§ **DATA EXTRACT**
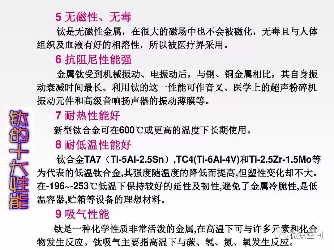 鈦的蘊(yùn)藏量十分豐富,在地球上鈦的儲置約占地殼總重的0.61%,在所有元素中占第十位,居于氧、硅、鋁、鐵、鈣、鈉、鉀、鎂、氫之后,按金屬元素計,為第7位;在常用金屬中則僅次于鋁、鐵和鎂,占第四位;比銅、鎳、鉛、鋅的總和還多十余倍。但由于它的高溫性質(zhì)特別活潑,很難提純,因此金屬鈦直到二十世紀(jì)四十年代才生產(chǎn)出來。第二次世界大戰(zhàn)后首先在真空爐中成功地用鎂還原四氯化鈦獲得了海綿鈦,工業(yè)上開始少量應(yīng)用。冶煉技術(shù)一經(jīng)突破并投入工業(yè)生產(chǎn)后,這種新材料迅速受到人們的重視。隨著鈦材需求量的增加,鈦及鈦合金的產(chǎn)量一定會有大的增長。
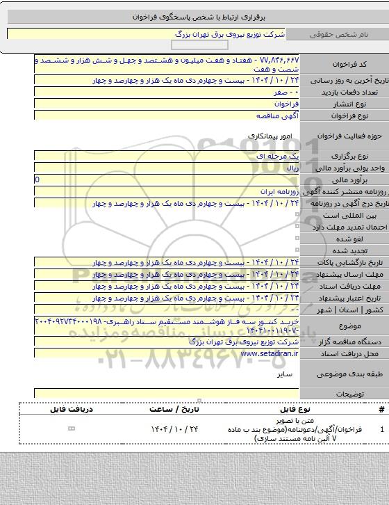 مناقصه خرید کنتور سه فاز هوشمند مستقیم ستاد راهبری- ۲۰۰۴۰۹۲۷۳۴۰۰۰۱۹۸ -۱۴۰۴۱۰۰۱۱۹۰۷ از کلیه افراد متخصص و شرکت‌ها واجد شرایط دعوت به عمل می‌آید در مناقصه با کد خبرگزاری پارس نماد: 10137425 شرکت نمایند. این مناقصه در تاریخ 1404/10/23 شروع و مهلت آن تا تاریخ 1404/10/24 میباشد.
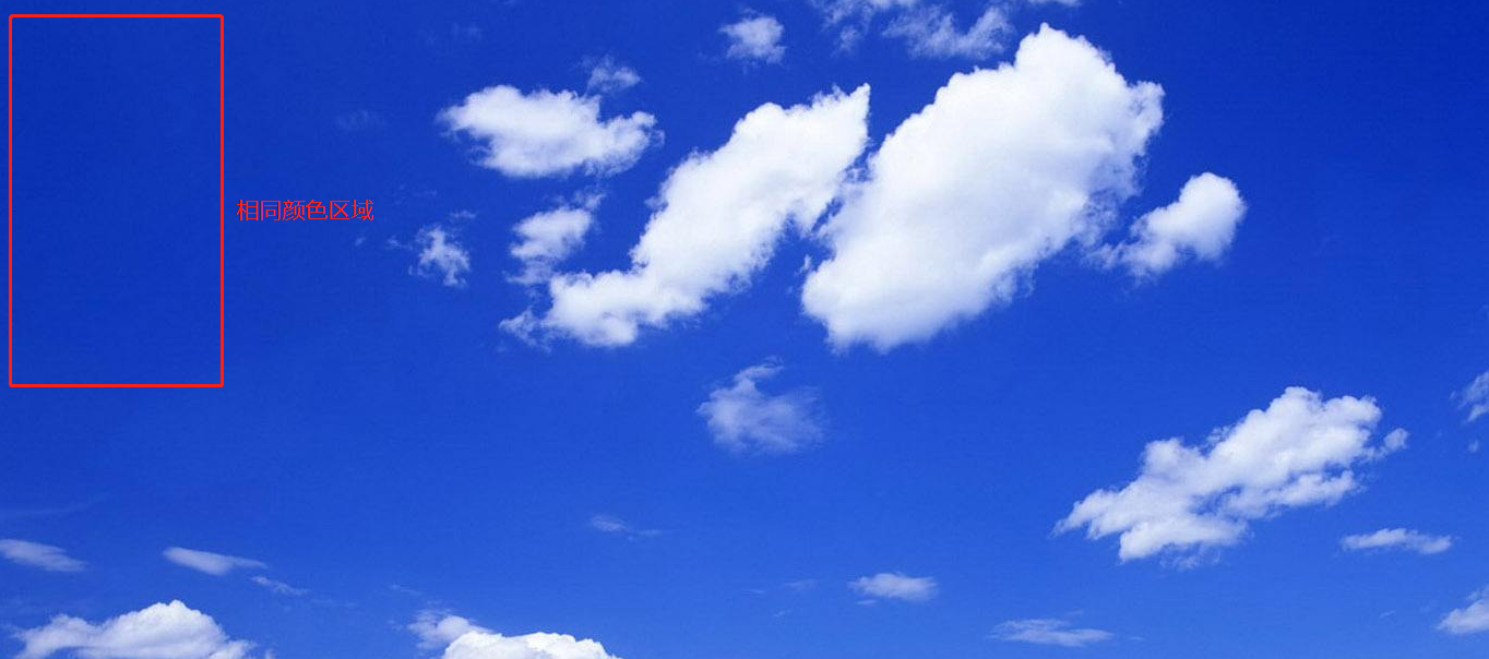 例如红框内的区域,我们可以把它看成由很多相同蓝色像素拼接而成,压缩保存图片时我们只需要记录蓝色和区域信息。

§ **DIRECTIONS FOR THIS TASK**
Starting with the line that contains "مناقصه خرید کنتور", reproduce every line down to the end of the listing above, both endpoints included. Pictures stay out.

§ **ANSWER FOR THE TASK**
 مناقصه خرید کنتور سه فاز هوشمند مستقیم ستاد راهبری- ۲۰۰۴۰۹۲۷۳۴۰۰۰۱۹۸ -۱۴۰۴۱۰۰۱۱۹۰۷ از کلیه افراد متخصص و شرکت‌ها واجد شرایط دعوت به عمل می‌آید در مناقصه با کد خبرگزاری پارس نماد: 10137425 شرکت نمایند. این مناقصه در تاریخ 1404/10/23 شروع و مهلت آن تا تاریخ 1404/10/24 میباشد.
 例如红框内的区域,我们可以把它看成由很多相同蓝色像素拼接而成,压缩保存图片时我们只需要记录蓝色和区域信息。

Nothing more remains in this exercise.